----- DATASET ENTRIES -----
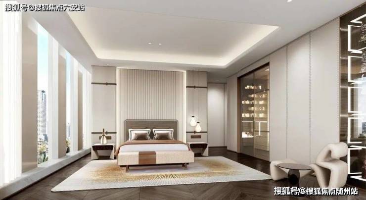 主力户型410-420㎡,以4.2米层高(装修后净高约3.5米)刷新杭州大平层标准。设计采用270°超60米三面采光,搭配全景落地窗,将钱塘江景与奥体天际线纳入室内。
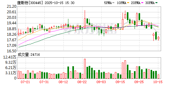 Core Viewpoint - The stock price of 康斯特 has experienced a decline recently, with a year-to-date increase of 7.79% but a significant drop of 7.48% in the last five trading days and 9.40% over the last 20 days [2] Company Overview - 康斯特, established on September 20, 2004, and listed on April 24, 2015, is located in Haidian District, Beijing. The company specializes in the research, production, and sales of digital testing instruments and auxiliary testing services [2] - The revenue composition of 康斯特 includes: digital pressure testing products (75.44%), temperature and humidity testing products (17.22%), process signal testing products (6.14%), and others (1.20%) [2] - The company belongs to the machinery equipment sector, specifically in general equipment and instrumentation [2] Financial Performance - For the first half of 2025, 康斯特 reported a revenue of 246 million yuan, representing a year-on-year growth of 3.76%. However, the net profit attributable to shareholders decreased by 7.71% to approximately 54.13 million yuan [2] - Since its A-share listing, 康斯特 has distributed a total of 146 million yuan in dividends, with 50.98 million yuan distributed over the past three years [3] Shareholder Information - As of September 30, 2025, 康斯特 had 12,500 shareholders, an increase of 3.75% from the previous period. The average number of circulating shares per shareholder decreased by 3.61% to 11,331 shares [2] - Among the top ten circulating shareholders, 华夏稳增混合 (519029) holds 2.29 million shares, with no change in the number of shares held compared to the previous period [3] Market Activity - On October 17, 康斯特's stock price fell by 2.02%, trading at 17.44 yuan per share with a total transaction volume of approximately 26.39 million yuan and a turnover rate of 1.06%. The total market capitalization is around 3.705 billion yuan [1] - The net outflow of main funds was 3.67 million yuan, with significant selling pressure observed in large orders [1]
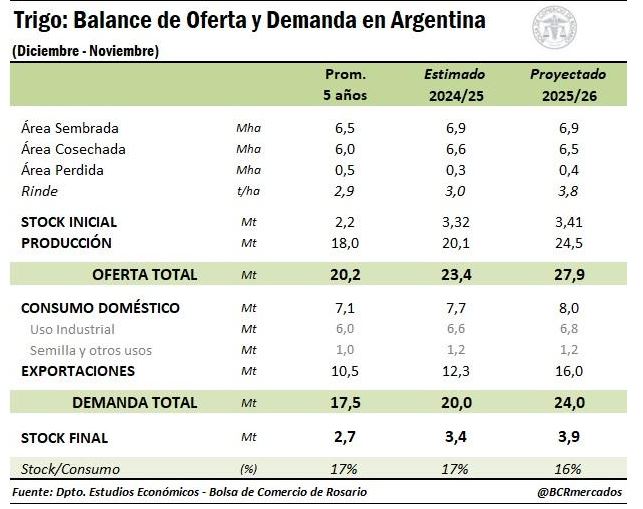 Esta semana se largó oficialmente la campaña comercial 2025/26 de trigo en la Argentina con estimaciones récord de producción de entre 24,5 millones de toneladas (Bolsa de Comercio de Rosario) y 25,5 millones (Bolsa de Cereales de Buenos Aires.
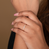 This ethereal ring is a celestial masterpiece, capturing the magic of the night sky. The centerpiece of this stunning ring is a captivating marquise-cut opal, displaying a mesmerizing play of color that shifts and changes with the light. This unique gemstone evokes a sense of wonder and mystery, making it a truly special piece.
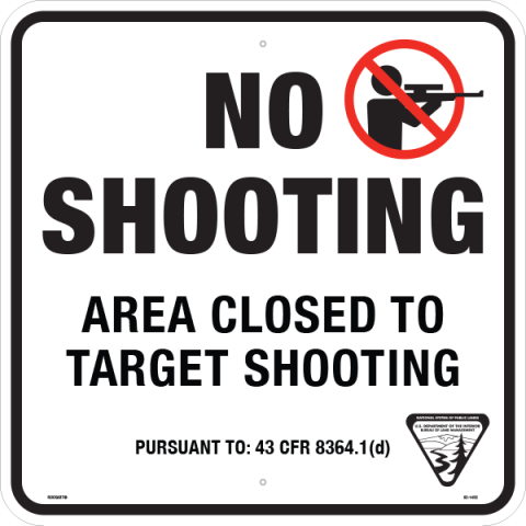 18 x 18 x .110 PolyFlex Sign - "No Shooting / Area Closed To Target Shooting / 43 CFR 8364.1 (D) , BLM Logo, Wht/Blk/Red, NREF
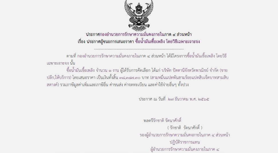 ประกาศผู้ชนะการเสนอราคา ซื้อน้ำมันเชื้อเพลิง โดยวิธีเฉพาะเจาะจง
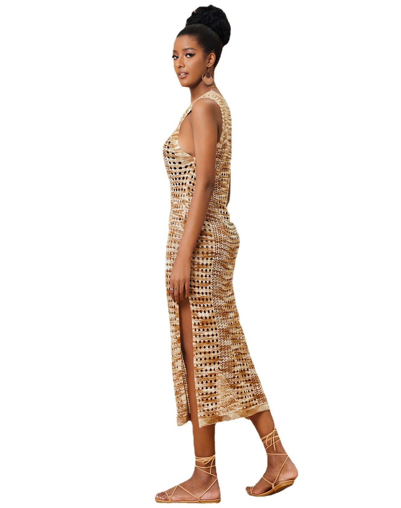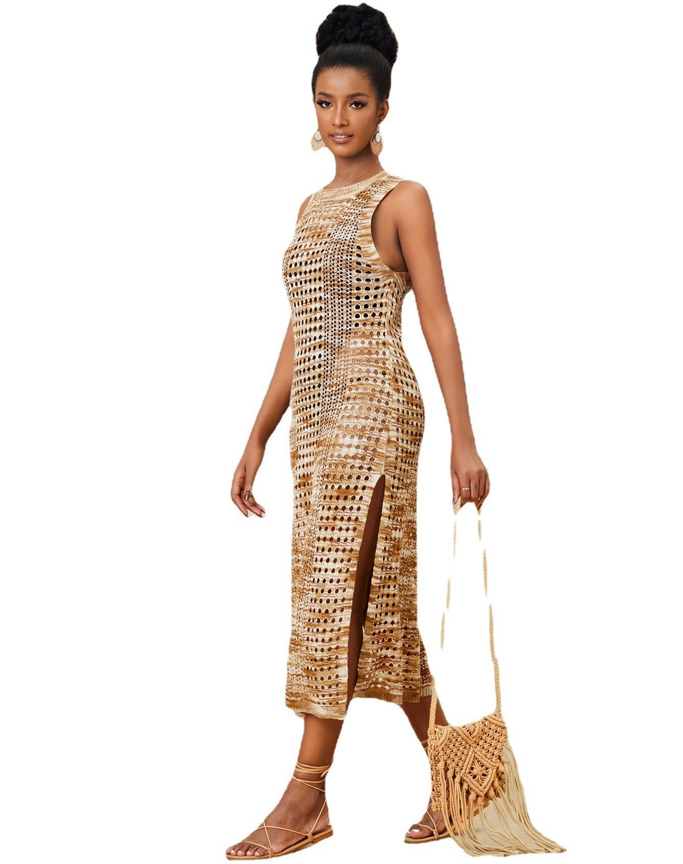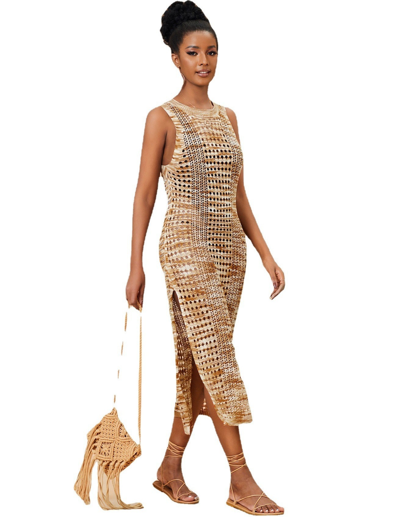 Knitted Hollow Out Cutout Vest Skirt Beach Cover Up Sexy Vacation Long Skirt Beach Cover Up Crochet hook
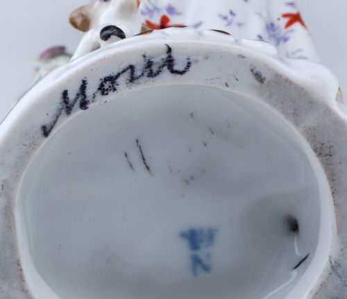 Porzellan, glasiert, in polychromen Aufglasurfarben staffiert. Stehende, an einen Baumstumpf gelehnte Flötenspielerin auf Rocaillesockel, dicht neben ihr ein liegendes Lamm. Marke in Unterglasurblau (undeutlich).
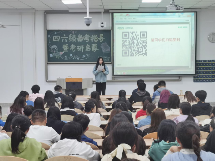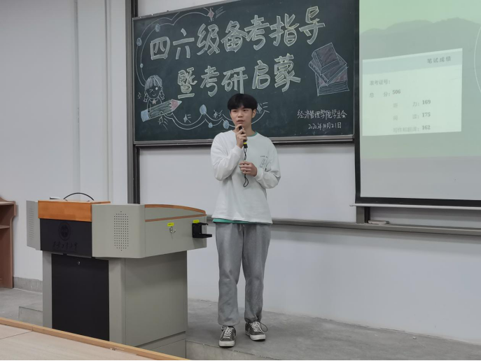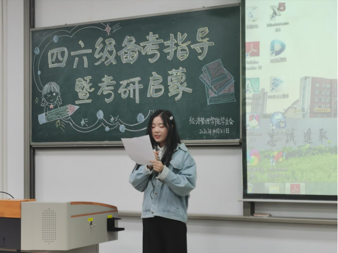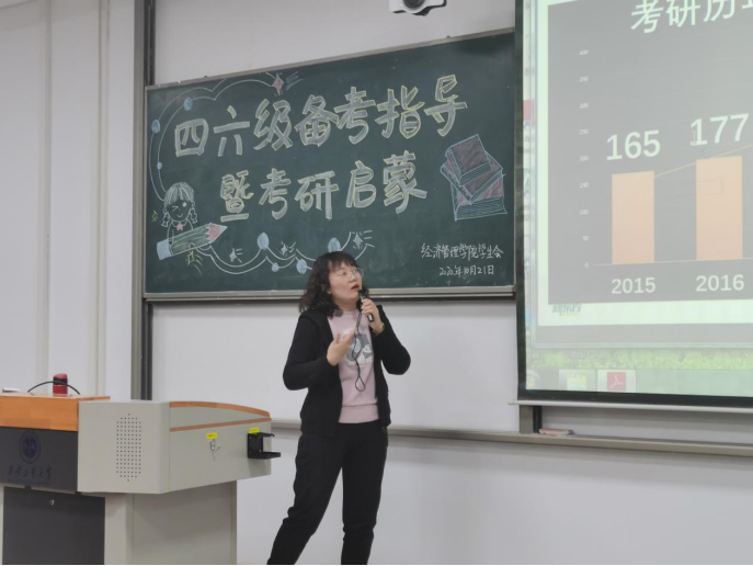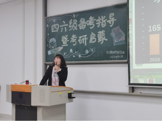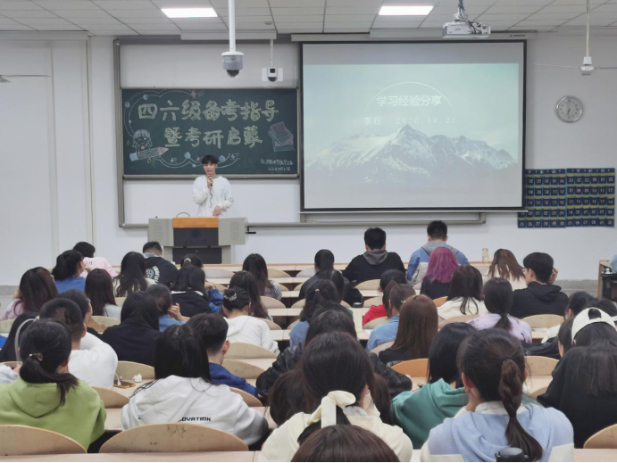 李行以四六级考试备考为主题,从自身实际经历出发,为在场的各位同学讲解备考时的注意事项,并激励在场的同学定取高目标取得好成绩。随后王乐娟以四六级答题技巧为引,向大家传授考试技巧,并初步为大家讲解了考研情况并以考研英语为例,通过题型分析,比重对比,做题时间分配做了深入分析。
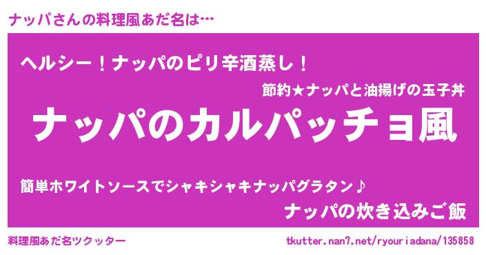 | 男性向けラノベタイトル風あだ名 | 『魔弾の王とナッパ』『ナッパの憂鬱』 |
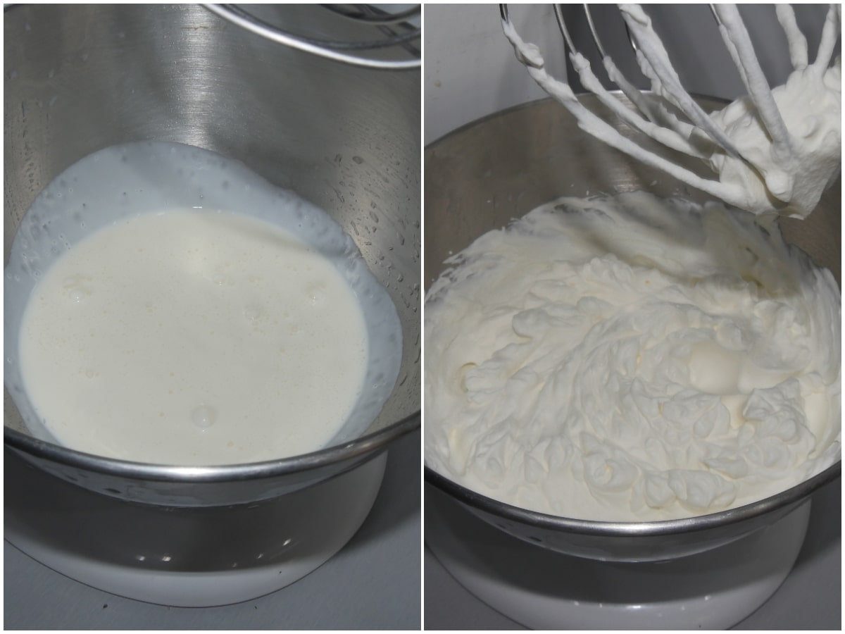 A parte, lavorate il mascarpone con lo zucchero, quindi incorporate delicatamente anche la panna, con un movimento dal basso verso l'alto.
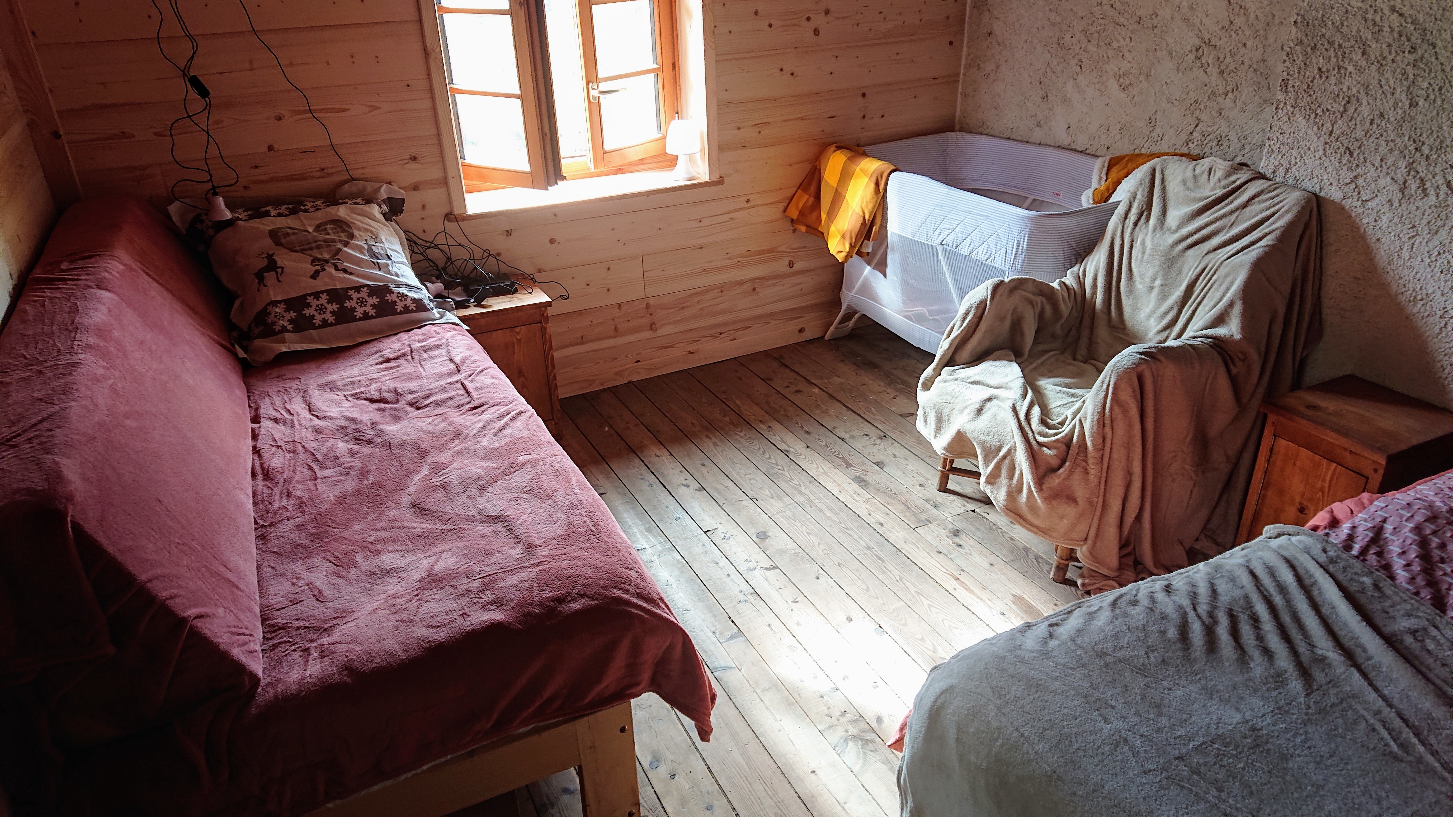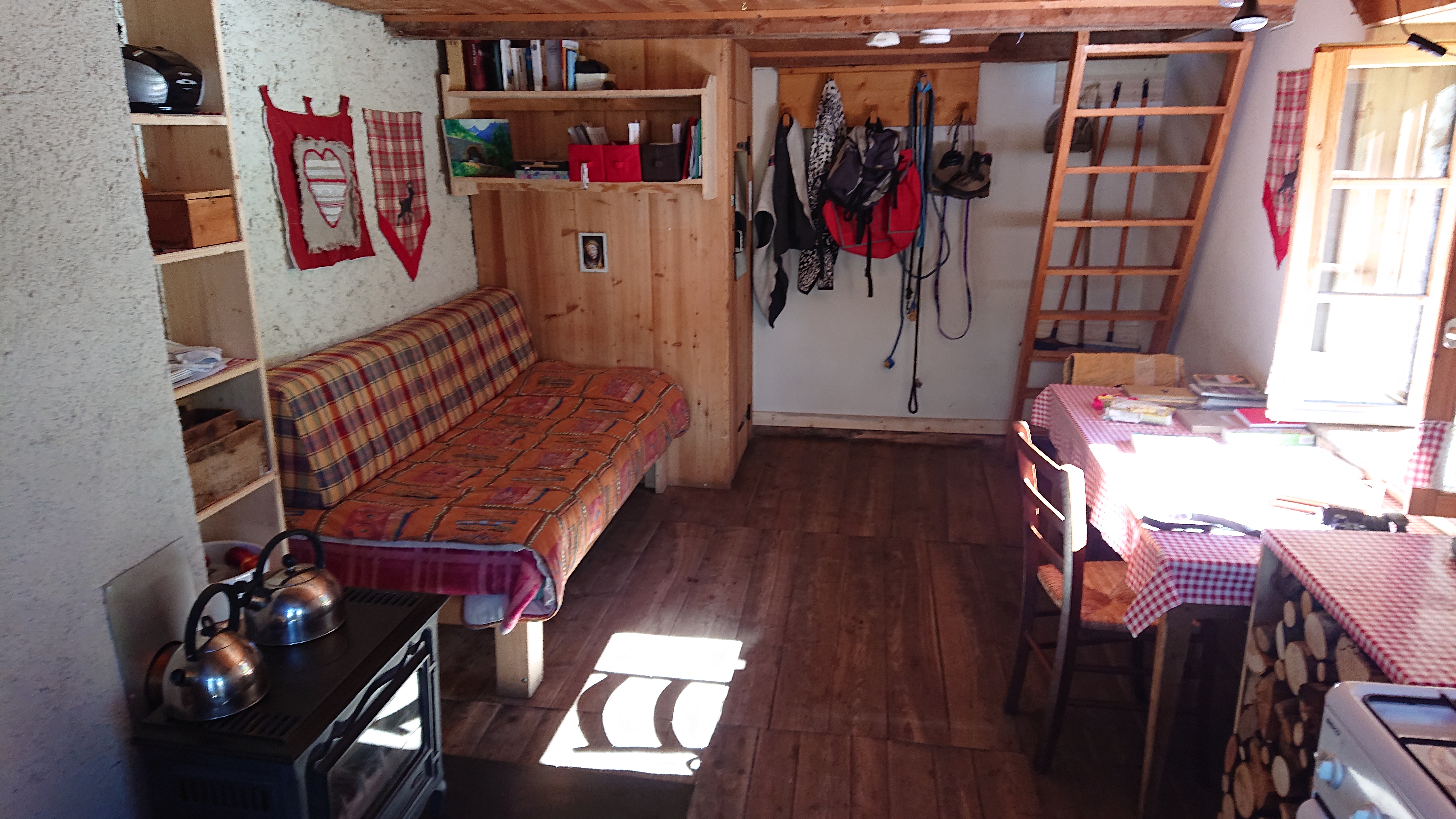 Pour l’eau, il faut aller à 300 m se servir en eau potable, faire fondre de la neige ou récolter l’eau du toit pour la vaisselle. Il n’y a pas de douche.
-----
ASSIGNED TASK.
Among the entries above, take the lines from the one with "Porzellan, glasiert, in" through the one with "李行以四六级考试备考为主题,从自身实际经" and retype them exactly, leaving out the pictures.

REPLY.
 Porzellan, glasiert, in polychromen Aufglasurfarben staffiert. Stehende, an einen Baumstumpf gelehnte Flötenspielerin auf Rocaillesockel, dicht neben ihr ein liegendes Lamm. Marke in Unterglasurblau (undeutlich).
 李行以四六级考试备考为主题,从自身实际经历出发,为在场的各位同学讲解备考时的注意事项,并激励在场的同学定取高目标取得好成绩。随后王乐娟以四六级答题技巧为引,向大家传授考试技巧,并初步为大家讲解了考研情况并以考研英语为例,通过题型分析,比重对比,做题时间分配做了深入分析。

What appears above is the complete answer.